The researchers mentioned the Elephant methodology and additional testing might assist inform higher guardrails to stop sycophancy from rising. 


Source link
TAGGED: backlash, benchmark, Board, endorsementFind, GPT4o, models, moral, Persists, researchers, sycophancy
Share This Article
Twitter Email Copy Link Print
Previous Article Instead Receives Investment from IRIS Software Group Instead Receives Investment from IRIS Software Group
Next Article Zenflow Raises $24M in Series C Financing Pulnovo Medical Receives Investment from EQT and Qiming Venture Partners
Leave a comment

Leave a Reply Cancel reply

Your email address will not be published. Required fields are marked *

Your Trusted Source for Accurate and Timely Updates!

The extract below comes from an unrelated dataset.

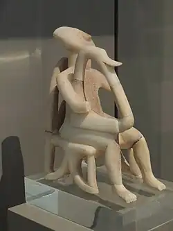 La majorité de ces idoles, cependant, sont des représentations hautement stylisées de formes humaines féminines, ayant typiquement une forme plane, qualité géométrique qui présente une ressemblance saisissante avec l'art moderne de notre époque. Pourtant il se pourrait que cela soit une mauvaise compréhension dans la mesure où les idoles étaient, à l'origine, peintes de couleurs vives[7]. Une majorité de ces figurines sont de genre féminin, représentent un nu, et ont les bras croisés sur le ventre. La plupart des auteurs qui ont considéré ces artefacts d'un point de vue archéologique ou psychologique ont assuré qu'il s'agissait de représentation d'une déesse mère dans la tradition de celles du Paléolithique, par exemple la Vénus de Willendorf[8]. Bien que quelques archéologues appuient cette thèse[9], cette interprétation n'est généralement pas celle de la plupart des archéologues parmi lesquels aucun consensus ne s'impose. Ils interprètent ces figurines tantôt comme des idoles des dieux, des images de la mort, des poupées pour enfants ou encore comme ayant d'autres significations. Une spécialiste suppose qu'elles « seraient plus que des poupées et probablement moins que de sacrosaintes idoles. »[10]

Our commitment to accuracy, impartiality, and delivering breaking news as it happens has earned us the trust of a vast audience. Stay ahead with real-time updates on the latest events, trends.
FacebookLike
TwitterFollow
InstagramFollow
YoutubeSubscribe
LinkedInFollow
MediumFollow
- Advertisement -
Ad image

Popular Posts

Compass, Vertiv Launch Hybrid Cooling for Scalable Air and Liquid AI Workloads

As AI workloads develop extra dynamic, information heart cooling should evolve in tandem. On this…

June 2, 2025

China’s growing ‘robotaxi’ fleet sparks concern, wonder on streets

A view from the again seat of a driverless taxi because it navigates via Wuhan,…

August 16, 2024

Experian Acquires NeuroID

Experian, a world information and know-how firm, acquired NeuroID, a Whitefish, MT-based firm which focuses…

August 14, 2024

Nvidia tackles agentic AI safety and security with new NeMo Guardrails NIMs

Be a part of our day by day and weekly newsletters for the newest updates…

January 16, 2025

EU invests €307m in AI and digital technologies

As international competitors over digital applied sciences intensifies, the European Fee is stepping up its…

January 20, 2026

You Might Also Like

ASML's high-NA EUV tools clear the runway for next-gen AI chips
AI

ASML’s high-NA EUV tools clear the runway for next-gen AI chips

By saad
Poor implementation of AI may be behind workforce reduction
AI

Poor implementation of AI may be behind workforce reduction

By saad
Upgrading agentic AI for finance workflows
AI

Upgrading agentic AI for finance workflows

By saad
Goldman Sachs and Deutsche Bank test agentic AI for trade surveillance
AI

Goldman Sachs and Deutsche Bank test agentic AI in trading

By saad
Data Center News
Facebook Twitter Youtube Instagram Linkedin

About US

Data Center News: Stay informed on the pulse of data centers. Latest updates, tech trends, and industry insights—all in one place. Elevate your data infrastructure knowledge.

Top Categories
  • Global Market
  • Infrastructure
  • Innovations
  • Investments
Usefull Links
  • Home
  • Contact
  • Privacy Policy
  • Terms & Conditions

© 2024 – datacenternews.tech – All rights reserved

Welcome Back!

Sign in to your account

Lost your password?
We use cookies to ensure that we give you the best experience on our website. If you continue to use this site we will assume that you are happy with it.
You can revoke your consent any time using the Revoke consent button.